Champeaux and colleagues report on the outcomes from a single-institution study of 505 patients with WHO grade I cranial meningiomas who underwent treatment between 2003 and 2017. During the median follow-up period of 6.2 years (IQR, 2.8–9.5), 74 patients had meningioma recurrence or a meningioma-related death, whilst 84 patients died from other causes. The median age at death was 71.7 years (IQR, 59.6–78.6), and eight patients died within 1 month of surgery, and 29 within a year. Twenty-five patients had early recurrence requiring re-operating at a median 1.3 years (IQR, 0.2–2.6) after the first surgery. Eleven patients had progression to grade II or III meningioma. The authors performed a competing risk analysis, which takes into consideration that when death occurs due to other causes (e.g. myocardial infarction), it prevents the observation of the events of interest—namely meningioma recurrence or meningioma-related death. Based on analysis of their data, the absolute risk of WHO grade I meningioma recurrence or death is 16.2% at 5 years and 24.4% at 10 years. As expected, the factors for meningioma-related death or progression were venous sinus invasion, subtotal resection (defined as Simpson grade 4 or 5), and growth of residual tumour. The authors comment that this data can be used to rationalise follow-up and propose that when gross total resection (Simpson grades 1–3) is achieved, imaging surveillance for 3 years for convexity meningioma and 6 years for all other locations is required. When a subtotal resection is performed, then 8 years of imaging follow-up is sufficient if there is no evidence of meningioma progression.
This study highlights several important points when considering the management for patients with grade I meningioma. Firstly, not all grade I meningioma behave in a ‘benign’ manner and early occurrence and progression can occur. These so-called clinical aggressive meningiomas (CAMs) cannot be readily identified using the current WHO classification; however, DNA methylation [9] and molecular profiling [10] may help to identify them in the future and allow us to predict recurrence risk [6]. This would ensure patients are considered for adjuvant radiotherapy to reduce the risk of recurrence, but until these molecular features are validated in external data sets and become embedded in routine practice, follow-up imaging is still required to monitor for early recurrence.
Secondly, the optimum frequency and duration of imaging follow-up required for meningioma is not defined. The patterns of recurrence in meningioma tend to fall into three categories: early within 2 years of surgery, intermediate between 3 and 10 years, and late 10 years after surgery.

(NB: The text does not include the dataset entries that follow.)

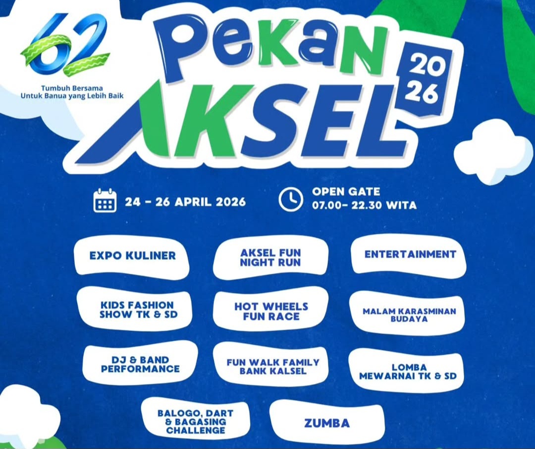 Jangan lewatkan kesempatan untuk menjadi bagian dari Pekan AKSEL 2026. Untuk informasi lebih lanjut, masyarakat dapat memantau media sosial resmi Bank Kalsel. (bay)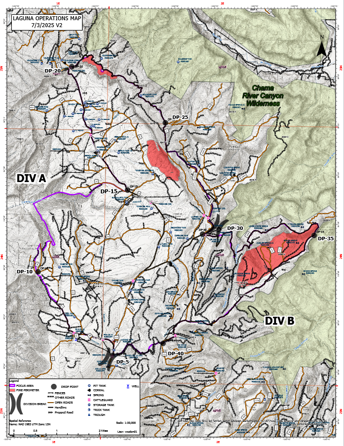 Located in the Coyote Ranger District of the Santa Fe National Forest (SFNF), 8 miles north of N.M. 96 and west of the Chama River Canyon Wilderness, the lightning-caused Laguna Wildfire remains at 1,300 acres burned and 12 percent contained.
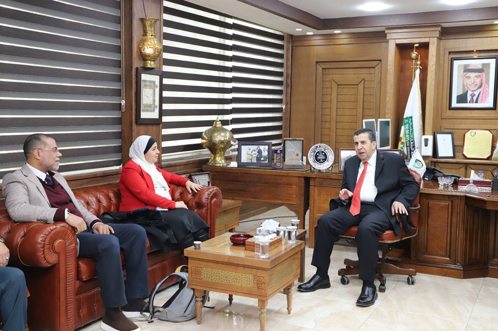 استقبل رئيس جامعة البلقاء التطبيقية الاستاذ الدكتور أحمد فخري العجلوني في مكتبه الدكتورة رغدة الفاعوري رئيس هيئة تنمية وتطوير المهارات المهنية والتقنية، وتم خلال اللقاء مناقشة المسودة الأولية للاستراتيجية الوطنية للتعليم والتدريب المهني والتقني، والتي تم اعدادها بدعم من وكالة التعاون الدولي الألماني (giz).

Many recent studies report follow-up of approximately 5 years [2] and authors choose a time period to reflect ‘modern’ neurosurgery. This suggests that studies including patients operated in the 1990s lack validity and this is not the case—after all microneurosurgery was developed in the 1960s and has been in widespread use for meningioma surgery over the last 40 years [4]. Data from studies with 25 years of follow-up show that late meningioma recurrence can occur, especially in patients with subtotal resection [7]. The proposal by Champeaux et al., to discontinue follow-up in subtotal resection of meningioma even when there is no evidence of growth of the residual by 8 years, is not fully supported by their data. In addition, there is limited published literature on the natural history and growth rates of residual meningioma. Recent guidelines from the European Association for Neuro-Oncology advise continued long-term follow-up with no recommendation to discontinue surveillance due to the late risk of recurrence for all meningiomas [3]. Nevertheless, it should be possible to optimise the frequency of follow-up and annual surveillance MRI is not necessarily required for all meningiomas and all patients. Neurosurgeons should take into consideration the patient’s age and comorbidities as these may be competing risks for meningioma recurrence and the need for further treatment, which may make long-term MRI surveillance follow-up futile. Data from the English National Cancer Registry on surgically treated meningioma shows that only 66% of patients aged 70–79 years survive for 5 years, which falls to 49% in patients aged > 80 years [1], and this is particularly relevant since meningiomas are more common with advancing age.
Thirdly, the use of a competing risk analysis is appropriate in meningioma when there is a high risk that the event of interest (meningioma recurrence or meningioma-related death) will not be observed due to the high prevalence of over events, that is, death due to other causes. Indeed, this is the rationale behind current phase III atypical meningioma trials excluding patients with co-existing solid cancers [5] since the event of interest is recurrence.
The current management of meningioma relies on practicing evidence-based medicine, which integrates the best available evidence with individual clinician expertise [8]. Only by improving the evidence-base can we improve outcomes for more patients. The future of meningioma management will include a more personalised approach to treatment and follow-up that integrates data about patient comorbidities, meningioma location and extent of resection, WHO grade and molecular pathology. This so-called meningiomics approach is essential to improve the short-, medium- and long-term outcomes for patients with cranial meningioma.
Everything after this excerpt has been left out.